Problem details ▸ Without the images, repeat every line of the listing verbatim.

Supplied information ▸
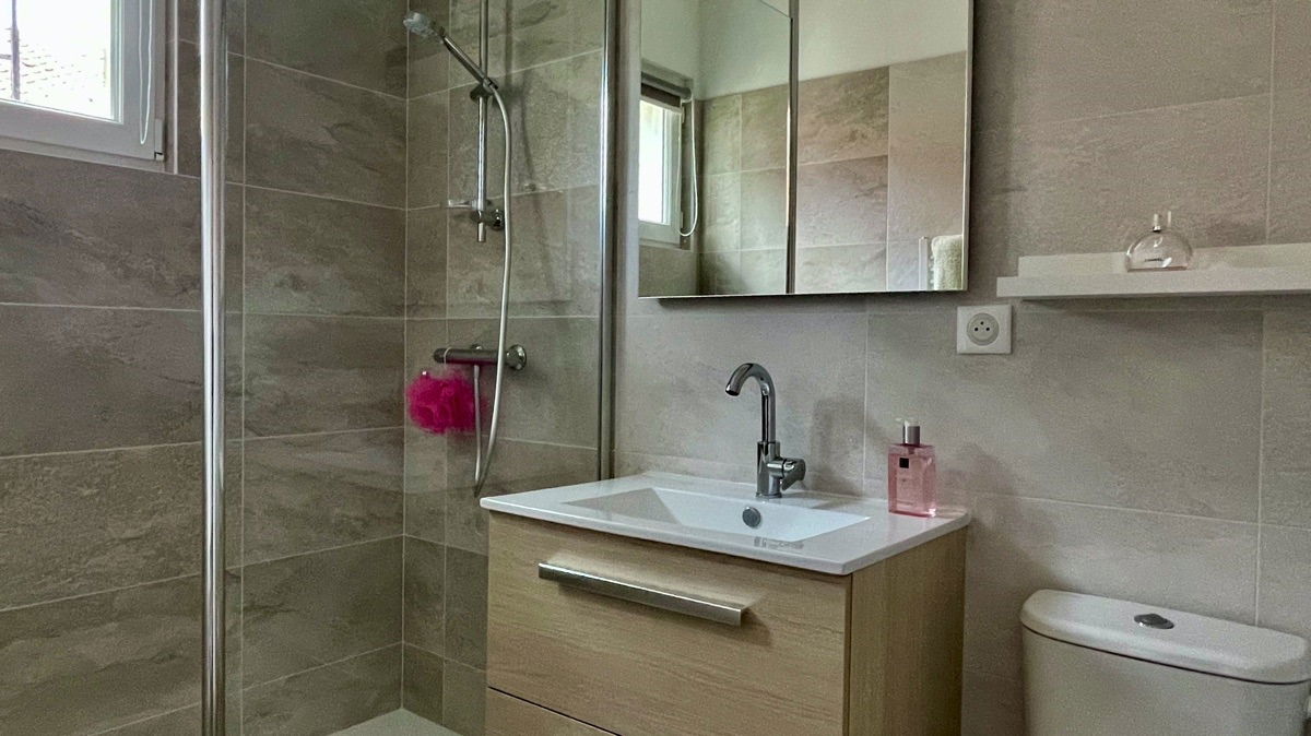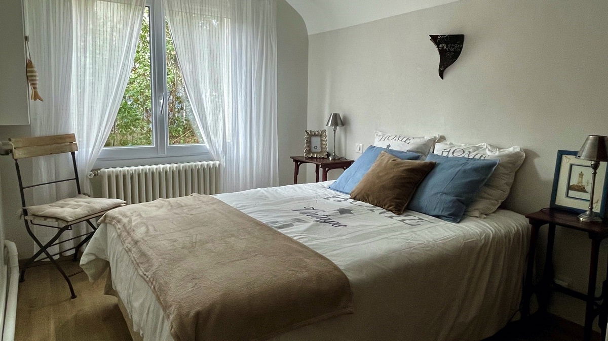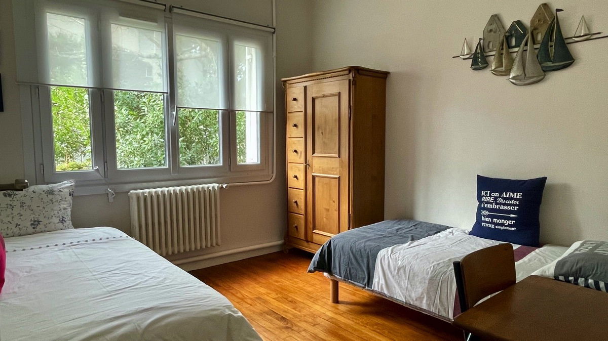 In the district of the Aquabaule swimming pool, the tennis Garden and 300 m from the beach, you will spend a pleasant holiday in this Basque-style villa built in lush greenery. The villa includes an entrance to the living room (flat screen TV - HIFI system) with Kitchen A/E (Induction hob - Hood - Microwave - Coffee maker - Oven - Dishwasher - Fridge / Freezer) all overlooking the garden and terrace - Hallway - Bedroom n°1 with 2 90/190 beds + wardrobe - Bedroom n°2 with 140/190 bed with adjoining wardrobe and shower room (ultra-flat shower + basin + towel dryer and WC) Bedroom 3 with double bed 140/190 + wardrobe - EPS - Lingerie with LL + SL with access to the garden - WC ind. Parking within the grounds of the Villa - WIFI CONNECTION.
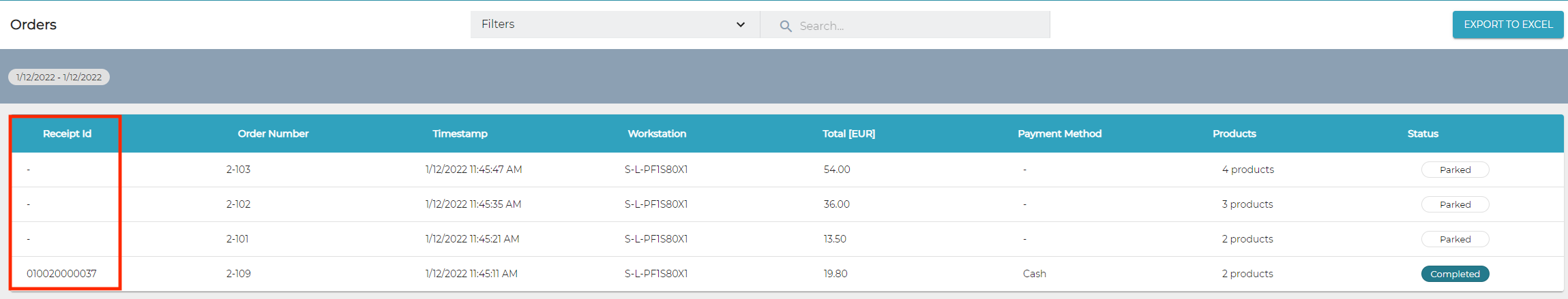 In the Back Office, orders without Receipt Id are displayed with a - (dash) in the Receipt Id column.
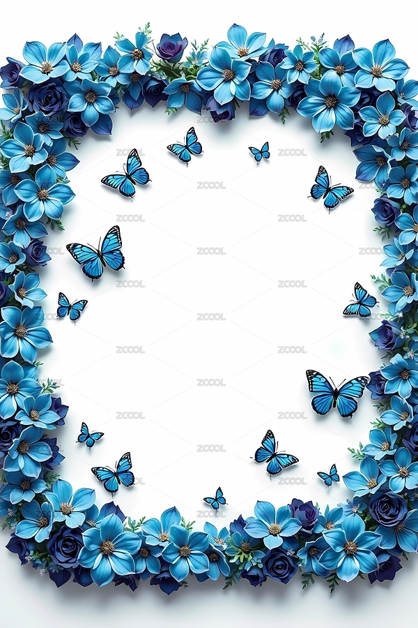 蝴蝶蓝玫瑰清新商业壁纸场景

Reply ▸
 In the district of the Aquabaule swimming pool, the tennis Garden and 300 m from the beach, you will spend a pleasant holiday in this Basque-style villa built in lush greenery. The villa includes an entrance to the living room (flat screen TV - HIFI system) with Kitchen A/E (Induction hob - Hood - Microwave - Coffee maker - Oven - Dishwasher - Fridge / Freezer) all overlooking the garden and terrace - Hallway - Bedroom n°1 with 2 90/190 beds + wardrobe - Bedroom n°2 with 140/190 bed with adjoining wardrobe and shower room (ultra-flat shower + basin + towel dryer and WC) Bedroom 3 with double bed 140/190 + wardrobe - EPS - Lingerie with LL + SL with access to the garden - WC ind. Parking within the grounds of the Villa - WIFI CONNECTION.
 In the Back Office, orders without Receipt Id are displayed with a - (dash) in the Receipt Id column.
 蝴蝶蓝玫瑰清新商业壁纸场景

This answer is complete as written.